Re: [RFC PATCH 0/7] A General Accelerator Framework, WarpDrive

From: Alan Cox
Date: Fri Aug 03 2018 - 10:21:31 EST


> If we are going to have any kind of general purpose accelerator API then
> > it has to be able to implement things like
>
> Why is the existing driver model not good enough ? So you want
> a device with function X you look into /dev/X (for instance
> for GPU you look in /dev/dri)

Except when my GPU is in an FPGA in which case it might be somewhere else
or it's a general purpose accelerator that happens to be usable as a GPU.
Unusual today in big computer space but you'll find it in
microcontrollers.

> Each of those device need a userspace driver and thus this
> user space driver can easily knows where to look. I do not
> expect that every application will reimplement those drivers
> but instead use some kind of library that provide a high
> level API for each of those devices.

Think about it from the user level. You have a pipeline of things you
wish to execute, you need to get the right accelerator combinations and
they need to fit together to meet system constraints like number of
IOMMU ids the accelerator supports, where they are connected.

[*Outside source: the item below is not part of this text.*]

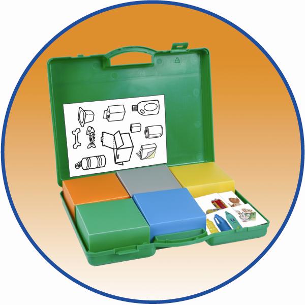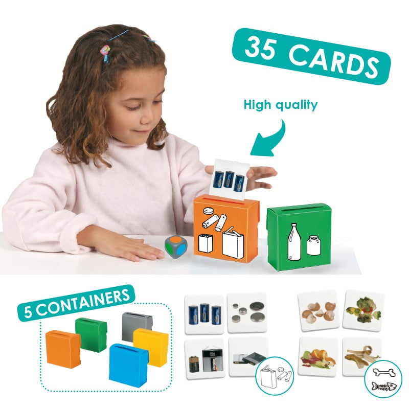 This product includes 5 small “recycling bins” (dimensions 100x100x50mm) in 5 different colors depending on the material to be recycled in them. In the “recycling bins” the children have to place each of the 35 different materials “garbage” in cards of dimensions 61x61mm. The cards are colored and illustrated. Suitable for age 3+ All in a plastic case measuring 320x220x60mm

> Now you have a hierarchy of memory for the CPU (HBM, local
> node main memory aka you DDR dimm, persistent memory) each

It's not a heirarchy, it's a graph. There's no fundamental reason two
accelerators can't be close to two different CPU cores but have shared
HBM that is far from each processor. There are physical reasons it tends
to look more like a heirarchy today.

> Anyway i think finding devices and finding relation between
> devices and memory is 2 separate problems and as such should
> be handled separatly.

At a certain level they are deeply intertwined because you need a common
API. It's not good if I want a particular accelerator and need to then
see which API its under on this machine and which interface I have to
use, and maybe have a mix of FPGA, WarpDrive and Google ASIC interfaces
all different.

The job of the kernel is to impose some kind of sanity and unity on this
lot.

All of it in the end comes down to

'Somehow glue some chunk of memory into my address space and find any
supporting driver I need'

plus virtualization of the above.

That bit's easy - but making it usable is a different story.

Alan